Single by Lil Mosey and BlocBoy JB

from the album Northsbest
- Released: October 4, 2018
- Genre: Hip hop; trap;
- Length: 2:43
- Label: Mogul Vision; Interscope;
- Songwriters: Lathan Echols; James Baker; Royce Pearson;
- Producer: Royce David

Lil Mosey singles chronology
| "Noticed" (2018) | "Yoppa" (2018) | "K For Christmas" (2018) |

BlocBoy JB singles chronology
| "Let It Go" (2018) | "Yoppa" (2018) | "Don't Say That" (2018) |

Music video
- "Yoppa" on YouTube

= Yoppa (song) =

Song by Lil Mosey and BlocBoy JB

"Yoppa" is a song recorded by American rappers Lil Mosey and BlocBoy JB, released on October 4, 2018, as the fourth single from Mosey's debut studio album Northsbest.
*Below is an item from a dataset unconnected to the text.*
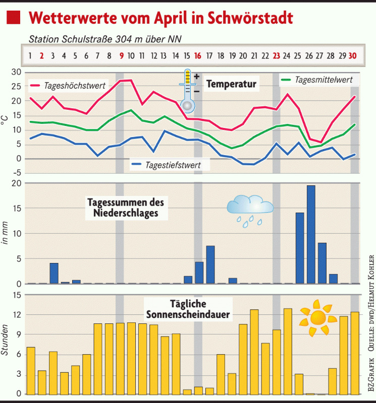 Der April ist eben ein launischer Monat, nicht umsonst prägte der Volksmund den Begriff "Aprilwetter" und der diesjährige April bestätigte diesen Begriff wieder einmal voll und ganz. Von frühlingshaftem Wohlfühlwetter über sommerliche Wärme in der ersten Monatshälfte bis zum winterlichen Frost mit Schneefall in der zweiten Halbzeit hatte der diesjährige April das gesamte Wetterrepertoire im Gepäck. Trotz einer viel zu kalten zweiten Aprilhälfte war der mittlere Frühlingsmonat in Schwörstadt gegenüber der Norm von 1981 bis 2010 mit einem Sonnenscheinüberschuss von 35 Stunden 0,5°C zu warm und 28 l/m² zu niederschlagsarm.

The song was produced by Royce David, who has produced most of his songs. "Yoppa" is the only song on Northsbest featuring a guest appearance.

==Composition==
The song was described as having an "upbeat melody paired with smooth beats as the two (Lil Mosey and BlocBoy JB) effortlessly breeze through lyrics." The rappers talk about their luxurious and confident lifestyles and how "ill-advised it be to step to them, lest they face the repercussions."

==Music video==
The official music video was uploaded to Lil Mosey's Vevo channel on YouTube on January 29, 2019 and was directed by RaheemisBlind. In it, Mosey and BlocBoy appear as employees of a mattresses store named Northsbest Mattresses. After getting lambasted by their boss, Mosey and BlocBoy convert the place into a trap house, in which some individuals later entered carrying briefcases consisting of what was initially believed to be weapons. They were later revealed to be water guns. Mosey and BlocBoy then continue to celebrate by making it rain in the store.

== Critical reception ==
The song received generally positive reviews. Emina Lukarcanin of Billboard called the track "lyrical". Kevin Goddard of HotNewHipHop called the track "bouncy".